> _WORK INSTRUCTIONS_
An exact copy of the records is needed; please leave the images out.

== == ==

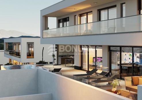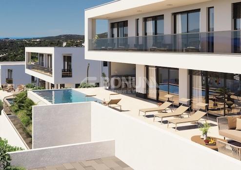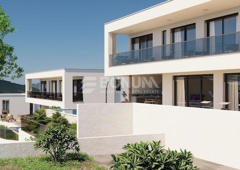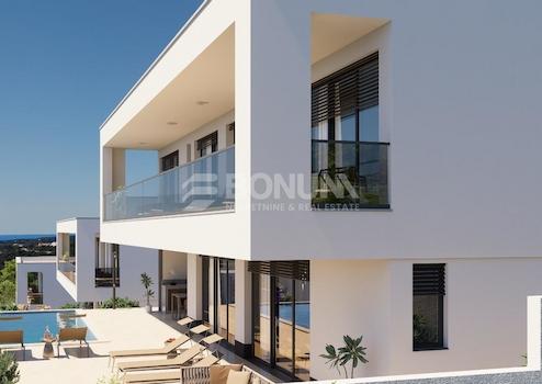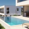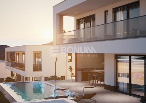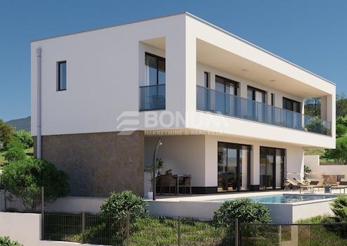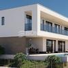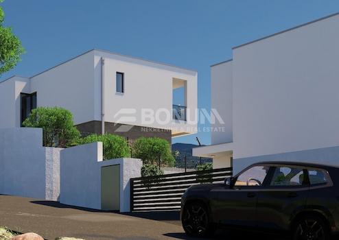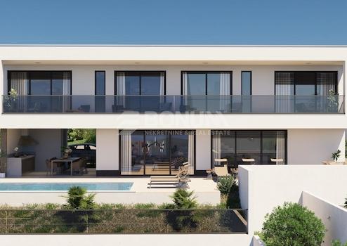 Im Untergeschoss ist ein großer Freizeit-/Konobabereich mit Vorraum und Treppe vorgesehen, wodurch die Villa auch für die ganzjährige Nutzung geeignet ist. Der Außenbereich ist mit einer privaten Pool- und Sonnenzone geplant. Auf dem Grundstück sind zwei Stellplätze vorhanden, zudem gibt es eine organisierte Zufahrt (Haupteingang für Fußgänger und Fahrzeuge sowie einen zusätzlichen Fußgängereingang).
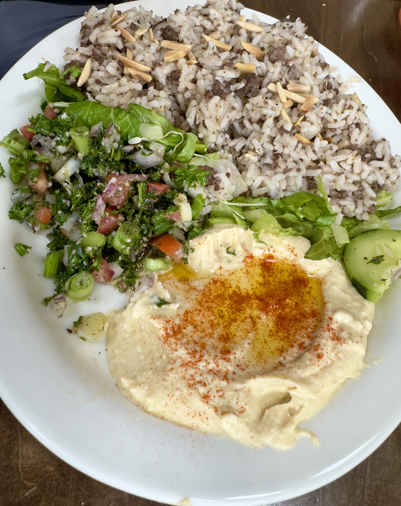 I ordered the Beef Shawarma Plate which came with hummus, pita bread, salad, hashwa and beef. It came out very quickly and everything was perfect and absolutely delicious; creamy hummus topped with a generous amount of olive oil, salad with one of the most delicious honey-mustard dressings I've ever had and, of course, expertly and perfectly seasoned hashwa and tender pieces of beef - all presented so beautifully that it could've been an art masterpiece. I asked about the salad dressing and was informed that it was Mama's secret recipe. I'm good with that - I just hope they bottle and sell it someday because I'll buy it by the gallon!!
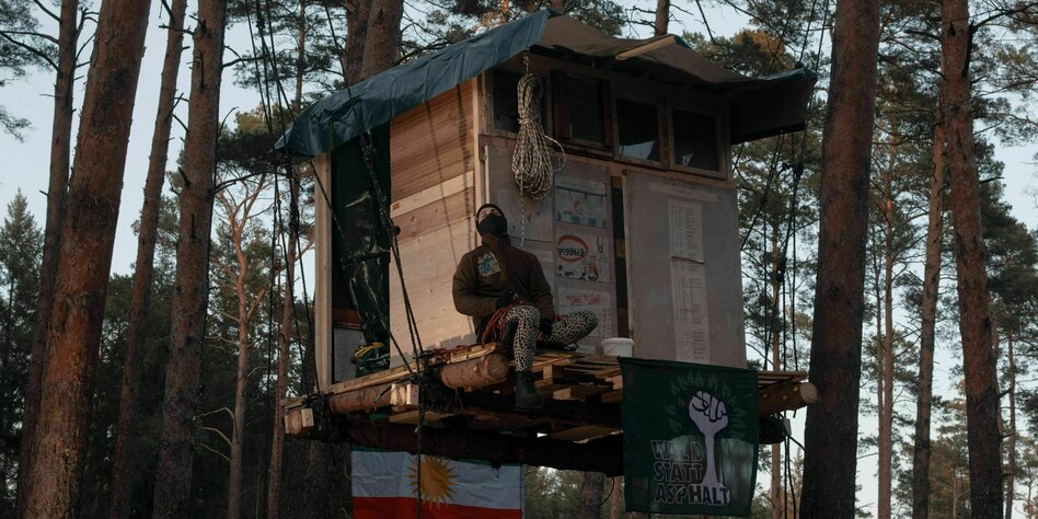 > Aktivist*innen besetzen ein Waldstück in Grünheide in Brandenburg,
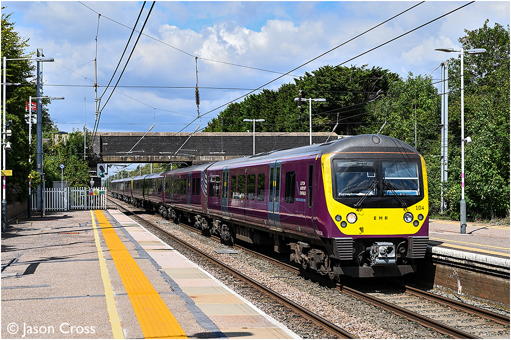 360104 and 360106 race through Harlington with the 1H36 1406 Corby to St Pancras International. Date: 30 July 2025 Manipulation Notes: None
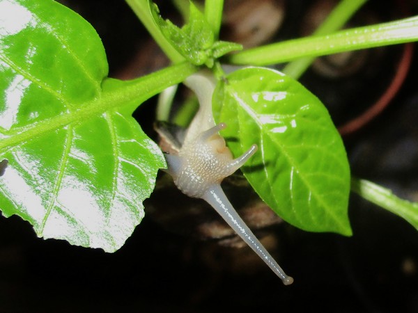 Vorige Woche habe ich das Terra mal so einigermaßen geputzt. Das Problem dabei war, dass die Schnecken alle an drei Wänden verteilt klebten und schliefen, also habe ich versucht, vorsichtig rumdrum zu wischen. Die Vorderseite war schneckenfrei, da konnte ich zumindest für mehr Durchblick sorgen. Aber natürlich wurden die anderen nach und nach wach... Am Ende war jedenfalls der Boden wieder gut angefeuchtet, die Kletterzweige neu angeordnet, Badeschale und Futterschüssel gefüllt und als Bonus ein Töpfchen mit Paprikapflänzchen reigestellt, das jetzt einige Wochen bei mir stand und gut gefüllt war.
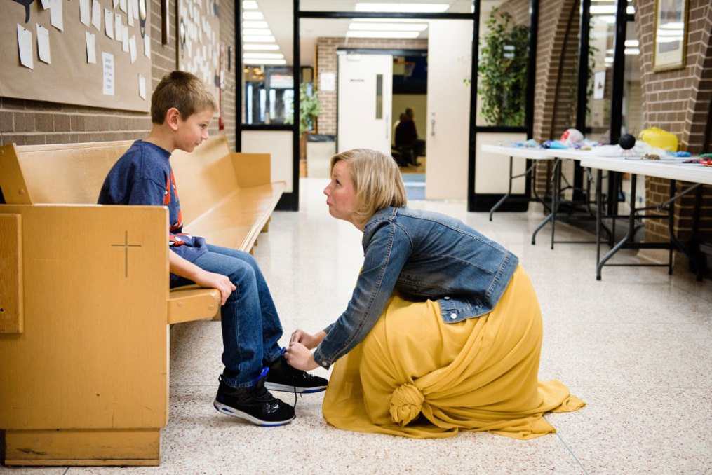 Teacher Emily Cicerale reties the shoes of a student before class at St. John’s Lutheran School on Wednesday, Nov. 15, 2017, in Racine, Wis. (LCMS/Erik M. Lunsford)
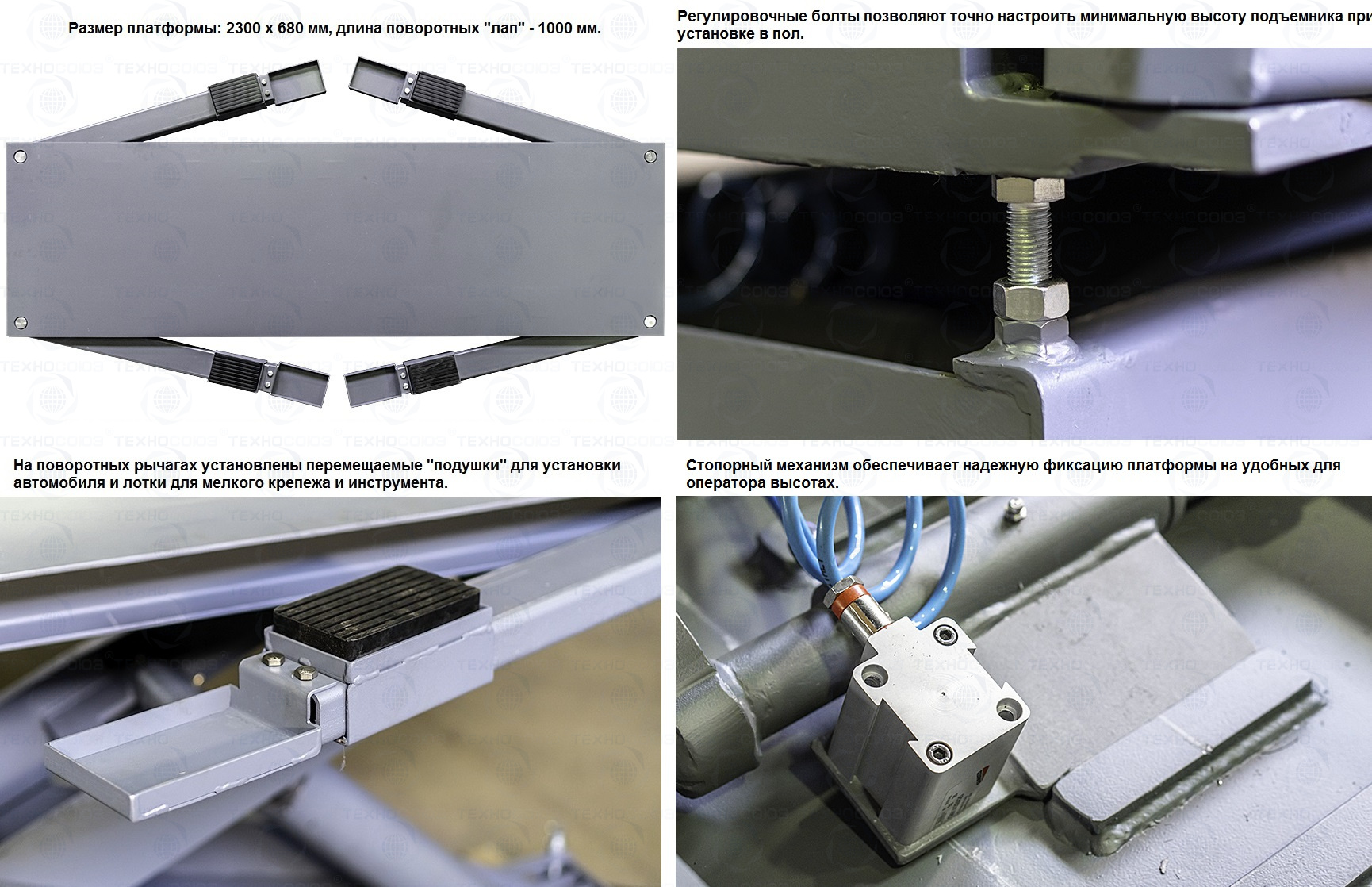 Регулировочные болты позволяют точно настроить минимальную высоту подъемника при установке в пол.
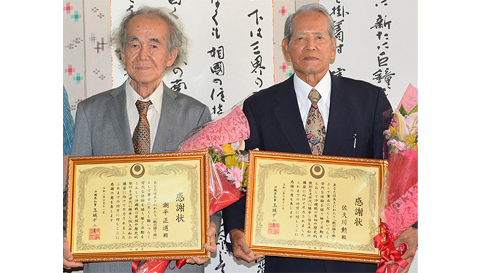 記者会見した西大舛町長と綱川代表取締役=21日午後、竹富町役場仮庁舎
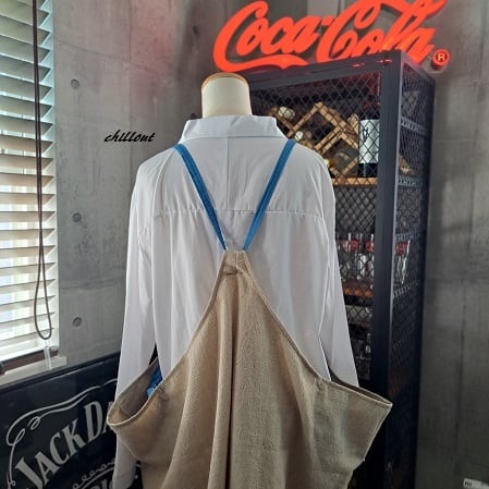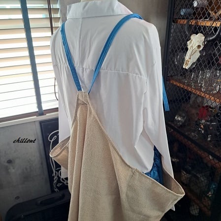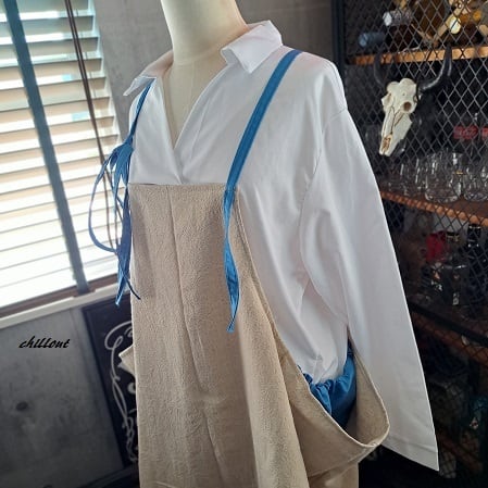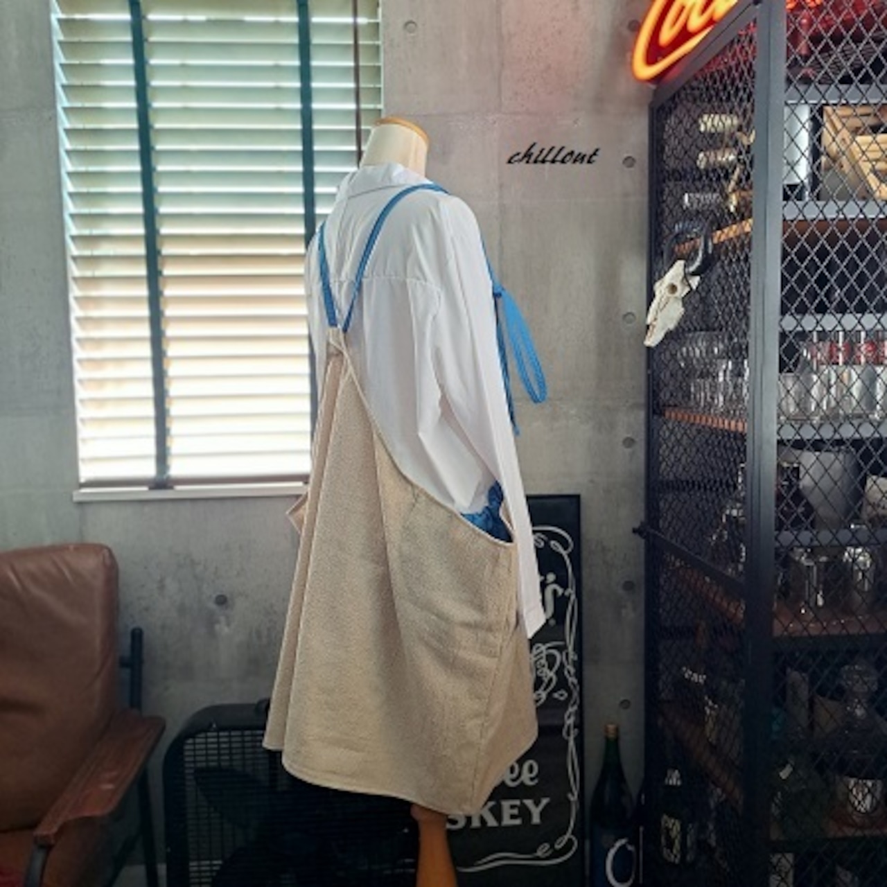 【背中がかわいい】エプロンドレス:リネン×セルリアンブルー【0931】

== == ==

> _RESPONSE TO THE EXERCISE_
 Im Untergeschoss ist ein großer Freizeit-/Konobabereich mit Vorraum und Treppe vorgesehen, wodurch die Villa auch für die ganzjährige Nutzung geeignet ist. Der Außenbereich ist mit einer privaten Pool- und Sonnenzone geplant. Auf dem Grundstück sind zwei Stellplätze vorhanden, zudem gibt es eine organisierte Zufahrt (Haupteingang für Fußgänger und Fahrzeuge sowie einen zusätzlichen Fußgängereingang).
 I ordered the Beef Shawarma Plate which came with hummus, pita bread, salad, hashwa and beef. It came out very quickly and everything was perfect and absolutely delicious; creamy hummus topped with a generous amount of olive oil, salad with one of the most delicious honey-mustard dressings I've ever had and, of course, expertly and perfectly seasoned hashwa and tender pieces of beef - all presented so beautifully that it could've been an art masterpiece. I asked about the salad dressing and was informed that it was Mama's secret recipe. I'm good with that - I just hope they bottle and sell it someday because I'll buy it by the gallon!!
 > Aktivist*innen besetzen ein Waldstück in Grünheide in Brandenburg,
 360104 and 360106 race through Harlington with the 1H36 1406 Corby to St Pancras International. Date: 30 July 2025 Manipulation Notes: None
 Vorige Woche habe ich das Terra mal so einigermaßen geputzt. Das Problem dabei war, dass die Schnecken alle an drei Wänden verteilt klebten und schliefen, also habe ich versucht, vorsichtig rumdrum zu wischen. Die Vorderseite war schneckenfrei, da konnte ich zumindest für mehr Durchblick sorgen. Aber natürlich wurden die anderen nach und nach wach... Am Ende war jedenfalls der Boden wieder gut angefeuchtet, die Kletterzweige neu angeordnet, Badeschale und Futterschüssel gefüllt und als Bonus ein Töpfchen mit Paprikapflänzchen reigestellt, das jetzt einige Wochen bei mir stand und gut gefüllt war.
 Teacher Emily Cicerale reties the shoes of a student before class at St. John’s Lutheran School on Wednesday, Nov. 15, 2017, in Racine, Wis. (LCMS/Erik M. Lunsford)
 Регулировочные болты позволяют точно настроить минимальную высоту подъемника при установке в пол.
 記者会見した西大舛町長と綱川代表取締役=21日午後、竹富町役場仮庁舎
 【背中がかわいい】エプロンドレス:リネン×セルリアンブルー【0931】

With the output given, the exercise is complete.